Robust-U1 achieves minimal performance drops: only 1.57 points on MMMB from clean to 100% corruption (vs. 3.44 for BAGEL and 6.06 for Robust-R1).

Quality of Visual Recovery

Table 5. Quantitative evaluation of visual recovery quality. Best/Red, second best/Blue.

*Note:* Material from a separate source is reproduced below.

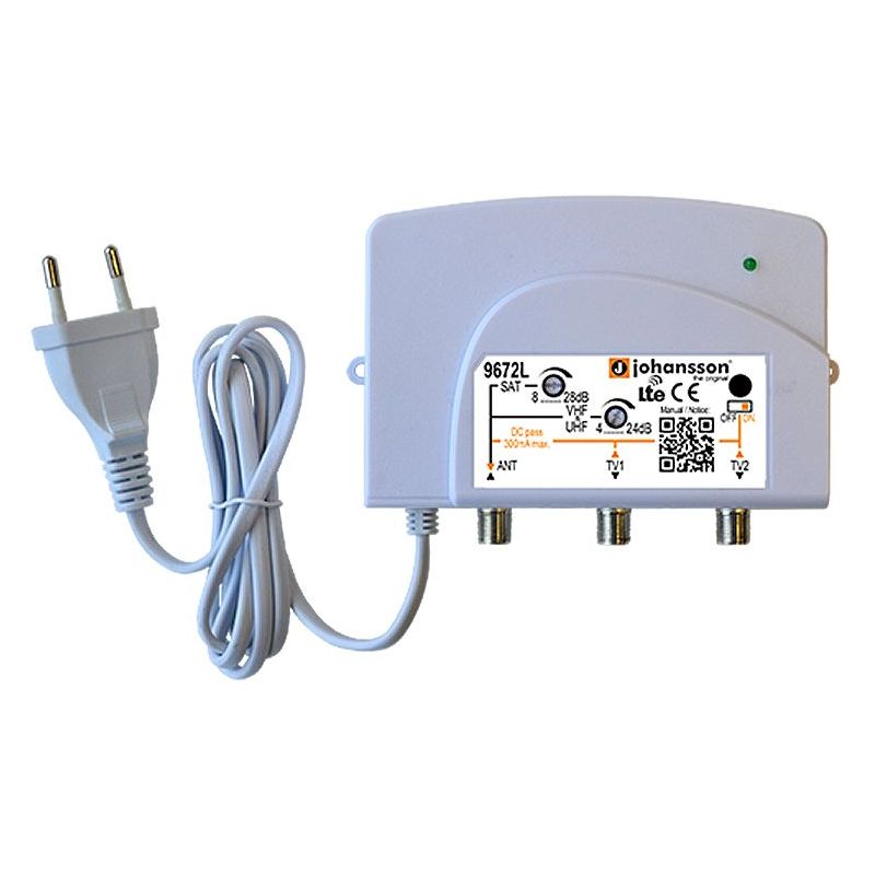 User amplifier (TER - SAT) 2 Johansson outputs. 1 input - 2 outputs. Frequency: 47… 790MHz / 950… 2150MHz. Gain: 24dB (TER) / 28dB (SAT)

Method	PSNR ↑	SSIM ↑	LPIPS ↓
BAGEL	14.37	0.4722	0.5092
+ SFT on ImageNet-C	20.88	0.6135	0.3444
+ RL w. $R_{\text{pix}}$	21.45	0.6311	0.3299
+ RL w. $R_{\text{sem}}$	21.33	0.6285	0.3233
Ours (Robust-U1)	21.49	0.6314	0.3223

Each stage contributes to improved recovery. The full model with both rewards achieves the best overall balance across all metrics.

Ablation Study

Table 4. Ablation on R-Bench. Best/Red, second best/Blue.

Method	MCQ low/mid/high	VQA low/mid/high	CAP low/mid/high	Overall
Baseline (BAGEL)	0.7176/0.6584/0.5793	0.6497/0.6127/0.6150	0.4685/0.4633/0.4288	0.5770
Ours (Robust-U1)	0.7353/0.7329/0.6768	0.7067/0.7164/0.6934	0.8272/0.8059/0.7640	0.7398
w/o Multimodal Reasoning	0.7294/0.6957/0.